As an example of a machine that regularly handles 800mb/sec:
# uptime
11:32:27 up 11 days, 16:31, 1 user, load average: 0.43, 0.85, 0.82
# free
total used free shared buffers cached
Mem: 8180796 7127000 1053796 0 1152 2397336
-/+ buffers/cache: 4728512 3452284
Swap: 8297568 237940 8059628
Quadcore Xeon:
Intel(R) Xeon(R) CPU X3430 @ 2.40GHz
$ ./bw.pl xxx.xxx 2010-09-01 2010-09-30
bw: 174042.60gb
average 543mb/sec, peaks at 810mb/sec
=== START OF INFORMATION SECTION === Model Family: Seagate Barracuda
7200.12 family Device Model: ST3500418AS Serial Number: 6VM89L1N
Firmware Version: CC38 User Capacity:
500,107,862,016 bytes
Linux 2.6.36-rc5 (xxxxxx) 10/04/2010 _x86_64_ (4 CPU)
avg-cpu: %user %nice %system %iowait %steal %idle
4.33 0.00 2.40 5.94 0.00 87.33
Device: tps Blk_read/s Blk_wrtn/s Blk_read Blk_wrtn
sda 109.61 19020.67 337.28 19047438731 337754190
avg-cpu: %user %nice %system %iowait %steal %idle
8.09 0.00 3.40 10.26 0.00 78.25
Device: tps Blk_read/s Blk_wrtn/s Blk_read Blk_wrtn
sda 138.52 21199.60 490.02 106210 2455
avg-cpu: %user %nice %system %iowait %steal %idle
3.74 0.00 3.25 9.01 0.00 84.00
Device: tps Blk_read/s Blk_wrtn/s Blk_read Blk_wrtn
sda 125.00 21691.20 139.20 108456 696
avg-cpu: %user %nice %system %iowait %steal %idle
4.75 0.00 3.12 14.02 0.00 78.11
Device: tps Blk_read/s Blk_wrtn/s Blk_read Blk_wrtn
sda 154.69 19532.14 261.28 97856 1309
avg-cpu: %user %nice %system %iowait %steal %idle
6.81 0.00 3.36 9.48 0.00 80.36
Device: tps Blk_read/s Blk_wrtn/s Blk_read Blk_wrtn
sda 112.80 17635.20 309.00 88176 1545
MRTG:
http://imgur.com/KYGp6.png
Dataset:
# du -sh ads
211.0G ads
# ls|wc -l
679075
Solution 2:
Your.

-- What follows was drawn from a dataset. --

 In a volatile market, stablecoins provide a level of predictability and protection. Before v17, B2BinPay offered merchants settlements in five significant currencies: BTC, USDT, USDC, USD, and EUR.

Discs. Suck. Point.
Try getting a lot more and a lot faster discs. SAS comes nicely here, as doe Velociraptors.
That said, the best would be getting... a SSD.
Your discs probably do around 200 IOPS each. With SAS you can get that up to around 450, with Velocidaptors to about 300. A high end SSD can get you... 50.000 (no joke - I really mean 5 0 0 0 0 0 0) IOPS.
Make the math ;) A single SSD, no RAID, would be about 62 times as fast as your Raid 10 ;)
Solution 3:
We're serving about 600 Mbps off of a server with SSDs on the backend, and nginx+varnish on the front. The actual processor is a little Intel Atom; we've got four of them behind a LB doing 600 Mbits/sec each (using DSR). Perhaps not appropriate for every situation, but it's been perfect for our use case.